Duration | Sex | Control | Intervention | |||||
---|---|---|---|---|---|---|---|---|
Number of obesity cases | Number of obesity cases reversed | Obesity reversal rate (per 10,000) | Number of obesity cases | Number of obesity cases reversed | Obesity reversal rate (per 10,000) | NNT | ||
1 Year | Male | 1111 | 9 | 81 | 1004 | 7 | 69 | −886 |
Female | 1119 | 1 | 8 | 829 | 2 | 24 | 659 | |
2 Years | Male | 666 | 9 | 135 | 573 | 10 | 174 | 254 |
Female | 692 | 3 | 43 | 420 | 8 | 190* | 68 | |
3 Years | Male | 428 | 10 | 233 | 338 | 20 | 591* | 28 |
Female | 466 | 5 | 107 | 203 | 10 | 492* | 26 | |
4 Years | Male | 195 | 12 | 615 | 154 | 16 | 1038 | 24 |
Female | 240 | 6 | 250 | 103 | 8 | 776* | 19 | |
5 Years | Male | 104 | 5 | 480 | 94 | 13 | 1382* | 12 |
Female | 138 | 2 | 144 | 54 | 4 | 740* | 17 |
- * p < 0.05.
- Abbreviation: NNT, number needed to treat.
DISCUSSION
This study investigated the effectiveness of a scaled-up, population-based, long-lasting PA intervention on obesity-related outcomes in children aged 6 to 14 years, while using a complex analytical design to reflect diverse, real-world scenarios. The principal result of the study was that children included in the Healthy Lifestyle intervention had a significantly lower BMI rise than the control group. The difference in BMI grew with the number of years of participation in the intervention and the difference was the largest in children who initially had obesity. Furthermore, reversal of obesity was more common in the intervention group in cases in which children were involved in the program for at least a consecutive 3 years, whereas maximal treatment effects were seen after 4 years of participation in girls and after 5 years of participation in boys.
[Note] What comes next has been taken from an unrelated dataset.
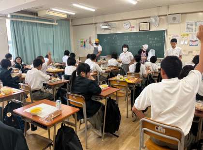 今日の給食はメロンが出ました。大人気で、各クラスでメロンの争奪戦が行われていました。美味しい給食に感謝ですね。しっかり食べて、午後からも頑張りましょう!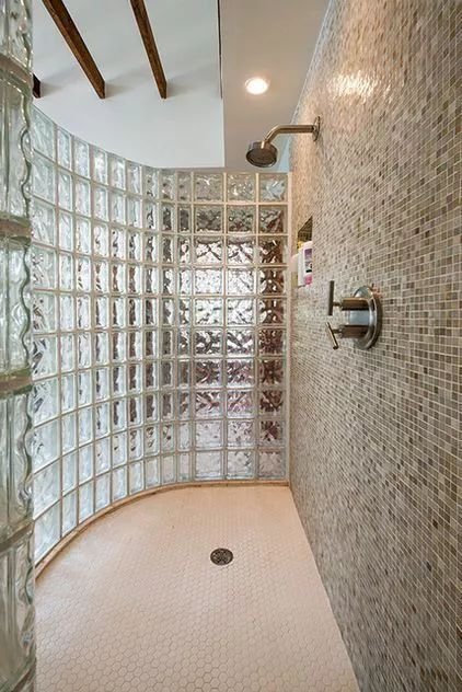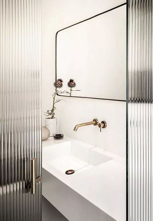 玻璃磚做隔斷,捉摸不定的水波紋也能保證隱私,不過造價不低哦。

Our findings are in line with the observed (prepandemic) trends among Slovenian children, which show that the increase in the prevalence of overweight and obesity has been decreasing over the past decade, with a larger reduction being shown in boys than in girls [(16)]. The fact that childhood obesity has been declining in Slovenia throughout the period of the Healthy Lifestyle intervention at the population level [(16)] suggests that there were also other drivers that contributed to the reversal of the obesity trends.
We observed that the effect of the intervention on BMI was generally larger in girls than in boys, although this was more evident in those with overweight and obesity at baseline. Moreover, reversed obesity cases were also more frequent in girls and more consistent across different participation scenarios. The disparity between sexes in terms of different intervention effects could be due to differences in PA levels outside the school environment. During leisure time, girls are usually less active than boys [(17)], whereas PE participation is not related to overall PA levels for boys [(18)]. This implies that in relative terms, PA accumulated during the Healthy Lifestyle intervention constituted a higher share of daily PA in girls, causing larger intervention effects in girls than in boys. Contrary to our study, a recent meta-analysis of school-based PA programs reported that fitness-oriented interventions such as the one analyzed here produced larger effects in boys than in girls [(7)]. Whether the Healthy Lifestyle intervention might have provided a larger stimulus for girls than for boys given girls’ lower daily PA level remains to be confirmed in future studies. Apart from the relative volume of PA delivered, boys and girls may need different types of PA to achieve the same effects, and the contents of the intervention examined here might have been more appropriate for girls than for boys. In addition, the earlier maturation of girls might have confounded the intervention's effects on BMI, although we adjusted the analyses for height percentile to reduce this effect. Notwithstanding the increase in the BMI of girls during puberty due to the increase in subcutaneous fat, the reduction of BMI in this study was still more pronounced in girls than in boys.
We found that the Healthy Lifestyle intervention produced very large and clinically meaningful differences in BMI compared with the control condition, particularly in children with overweight and obesity. At the same time, it must be noted that BMI is not the most accurate estimate of adiposity because of a well-known limitation to its ability to distinguish between fat and muscle mass [(19)]. Thus, PA interventions could have positive effects on children with overweight or obesity by changing their body composition and altering their risk of the possible future health impairments associated with excess body fat, even in the absence of changes in body weight. Consequently, the effects of the Healthy Lifestyle intervention on body composition could be even higher than reported in this study if fat mass could have been used instead of BMI as an outcome measure. A study including children aged 7 to 17 years with obesity showed that even a small reduction in the BMI z score (≥0.00 to <0.10) improved health markers such as insulin sensitivity, which reduces the risk of future noncommunicable diseases [(20)]. Standards for BMI z score reduction for each baseline-weight-status subgroup of children and adolescents do not exist, which makes it difficult to evaluate the effectiveness of an intervention that is based exclusively on BMI values rather than on BMI values and additional health markers, limiting the reliability of conclusions about the intervention's clinical effectiveness. Although we adjusted for maturation effects in our models, we cannot rule out the residual effect of growth that could have resulted in the underestimation of the true effect of the intervention.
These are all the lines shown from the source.